EXERCISE:
Your task is to transcribe all of the data below exactly, omitting the images.

THE DATA:
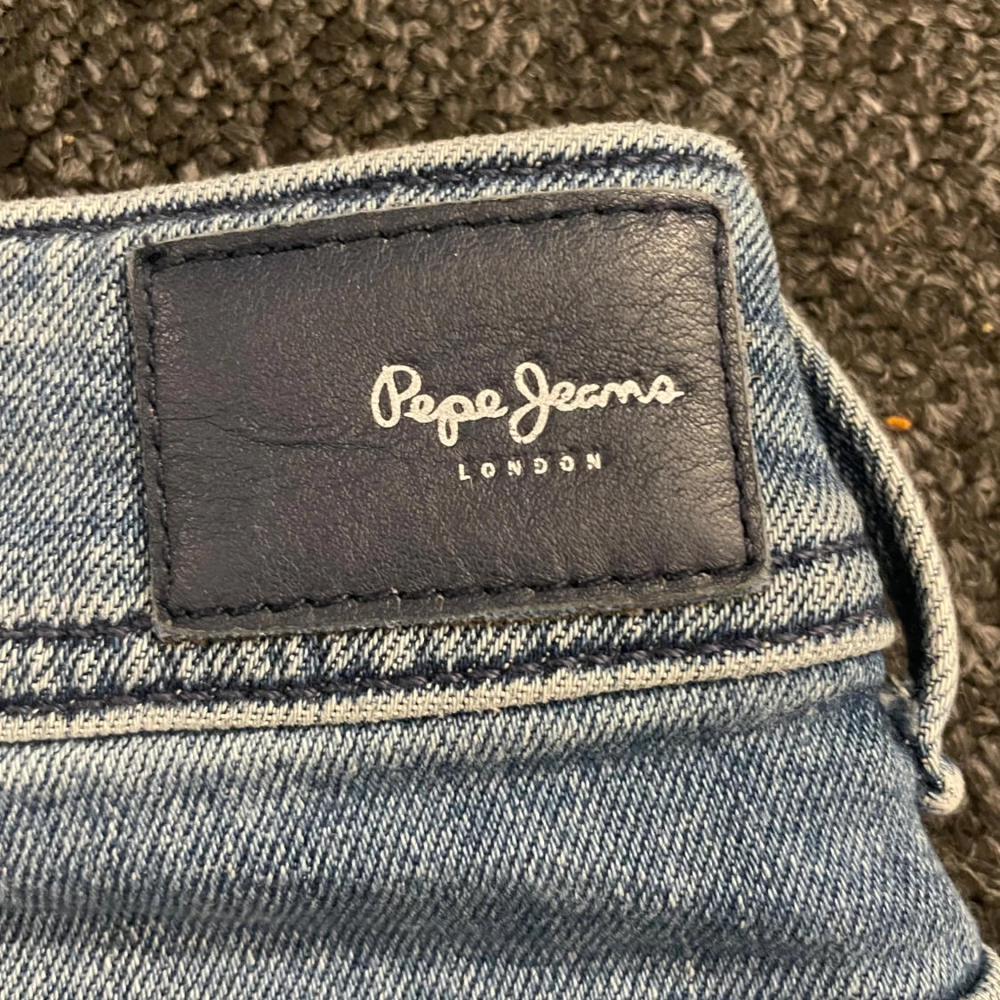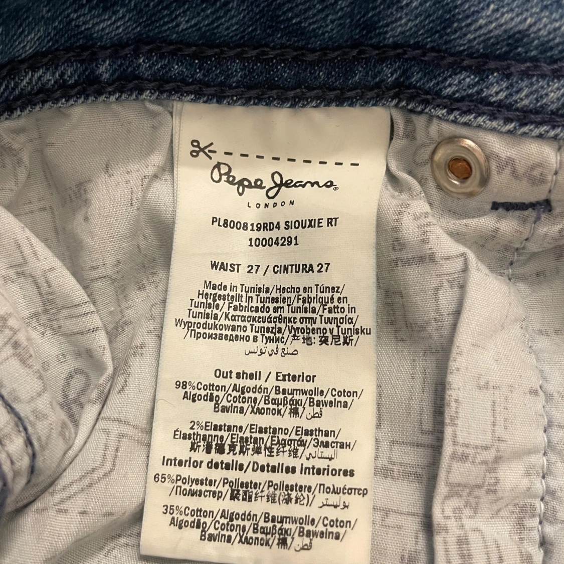 Snygga blå jeansshorts från Pepe Jeans med rå kant och slitningar framtill. Klassisk femficksmodell med knapp och dragkedja. Bakfickorna har coolt broderat vågmönster. Shortsen är gjorda i bomull med lite stretch för skön passform.
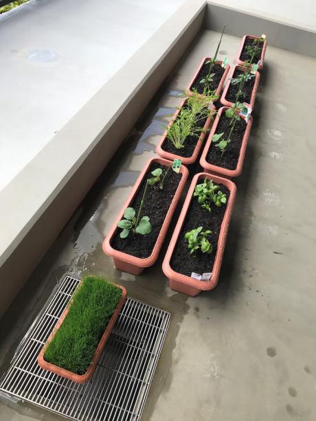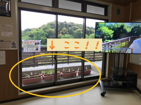 ふれあい棟のモニター横の屋外スペースで野菜の栽培を始めました!
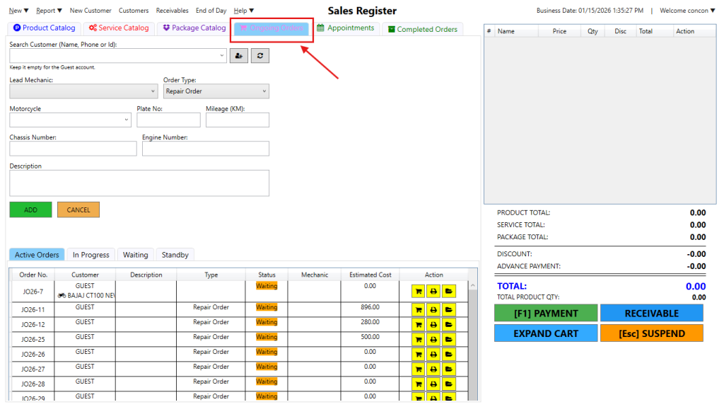Step 2: Job order is now added at it is displayed at the bottom of the list

ANSWER FOR THIS EXERCISE:
 Snygga blå jeansshorts från Pepe Jeans med rå kant och slitningar framtill. Klassisk femficksmodell med knapp och dragkedja. Bakfickorna har coolt broderat vågmönster. Shortsen är gjorda i bomull med lite stretch för skön passform.
 ふれあい棟のモニター横の屋外スペースで野菜の栽培を始めました!
Step 2: Job order is now added at it is displayed at the bottom of the list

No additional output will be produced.